Configuring the browser to use a plug-in usually requires downloading that plug-in and going through an installation process. Then, when the browser encounters the relevant file type(s), the plug-in runs inside the browser, often transparently. A Shockwave Flash animation running as part of a Web page serves as a good example. Unfortunately, configuring helper apps and plug-ins can be a notoriously difficult process, even in fairly recent browsers.

WEB OF THE FUTURE
Web development's current focus is on convergence and standardization. It's not unreasonable to expect that the very next generation of browsers will offer unprecedented support for a broad range of tags, media types, and programming functions - just in time for HTML to become obsolete. Extensible Markup Language (XML) and XHTML, an XML/HTML stopgap, are already being deployed to solve some of the problems of separating Web content from appearance. (For more on XML, see "Web Page" in this issue of EM and "Tech Page: XML Marks the Spot" in the November 1999 issue of EM.)
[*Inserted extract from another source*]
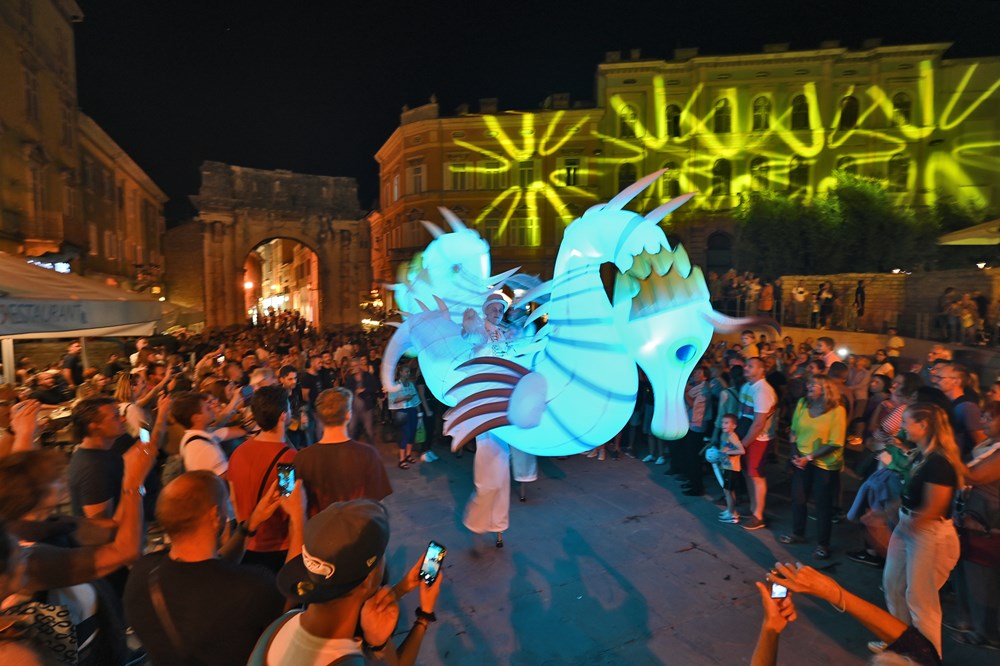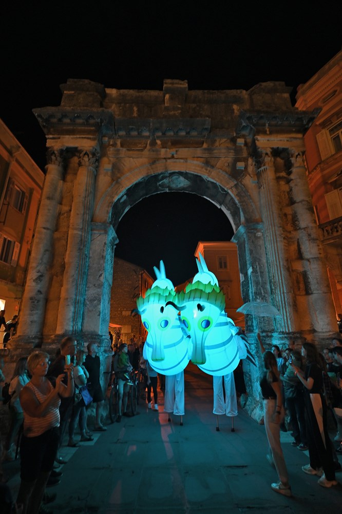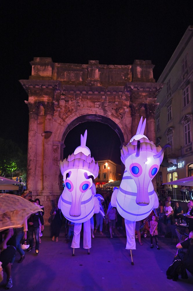 Uz gigantske svjetleće morske konjice koji su prošli kroz antičku Portaratu u izvedbi španjolskog umjetničkog kolektiva Cia Majareta pod nazivom "Guardian of the Abyss", otvoren je u Puli ovogodišnji, deveti po redu festival svjetla - Visualia.

Do you need to understand these developments right now? Probably not, but the new markup languages will be part of the electronic musician's world in the near future.

So you painstakingly typed in every character of the mile-long Web address and . . . eureka! You actually found a page; maybe even the one you wanted. Web domains are out there just waiting to send you content. But how does your browser know where to find www.emusician.com?
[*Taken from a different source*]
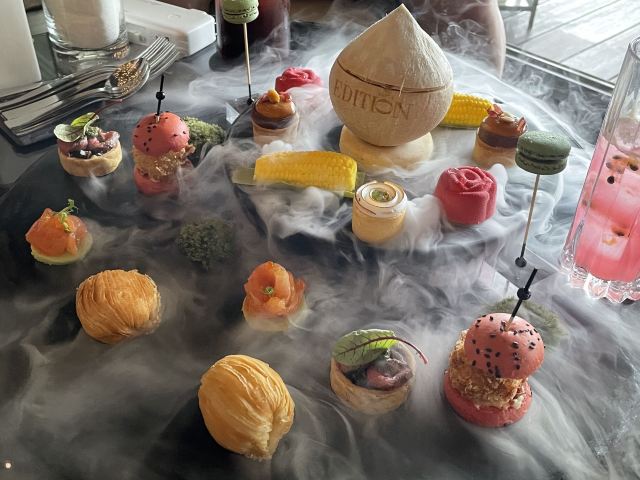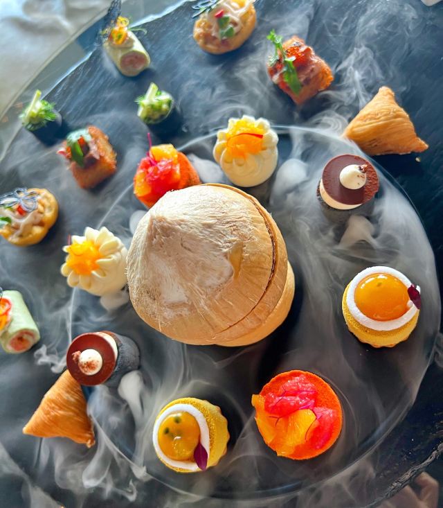 艾迪逊椰子奶冻,招牌香蕉蛋糕,黑松露芝士薯条,澳洲迷你鹅肝汉堡,咖啡,兔子,小食,起泡酒,海景明星下午茶,自选招牌鸡尾酒,罗望子树大道,桔彩星光,红酒,金汤力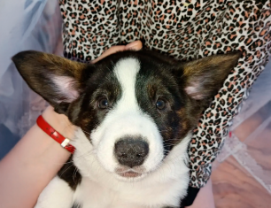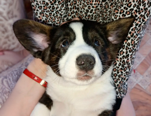 Безупречно элегантный джентльмен в черно-белом дресс-коде. Он - эффектный представитель породы Вельш-корги кардиган. Родители парнишки - красивая выставочная пара чемпионов, проверены на основные генетические заболевания.

Computers are good at numbers, so it makes sense for the location of each computer on the World Wide Web (and there are millions of them) to be referenced as a series of numbers, not unlike a postal ZIP code. Those numbers, separated by periods, constitute a computer's Internet Provider (IP) address. For example, www.emusician.com's IP address is 208.242.199.55; if you type that series of numbers and periods in your browser's Location field and hit Return, you'll get EM's home page.

Of course, for humans, remembering www.emusician.com is a lot easier than remembering a string of numbers. Fortunately, there's a hierarchy of computers connected to the Web that do nothing but look up domain names and tell browsers and other Web software where to find them. This hierarchy is called the Domain Name System (DNS). At the top of the DNS are computers controlled by the federal government that tell other computers which one holds the official IP address record for the domain name in question.

When you dial up your provider and then use your browser to request www.emusician.com, the provider checks to see if that address is in its DNS computer. If not, the provider's computer queries others to see if a nearby DNS computer has the information. The provider's computer continues in this manner all the way to the top, querying the computer that holds the official address record. The beauty of this system is that the DNS computers along the way - not just your IP's computer - receive and store the IP address information for some time, which makes subsequent lookups much faster.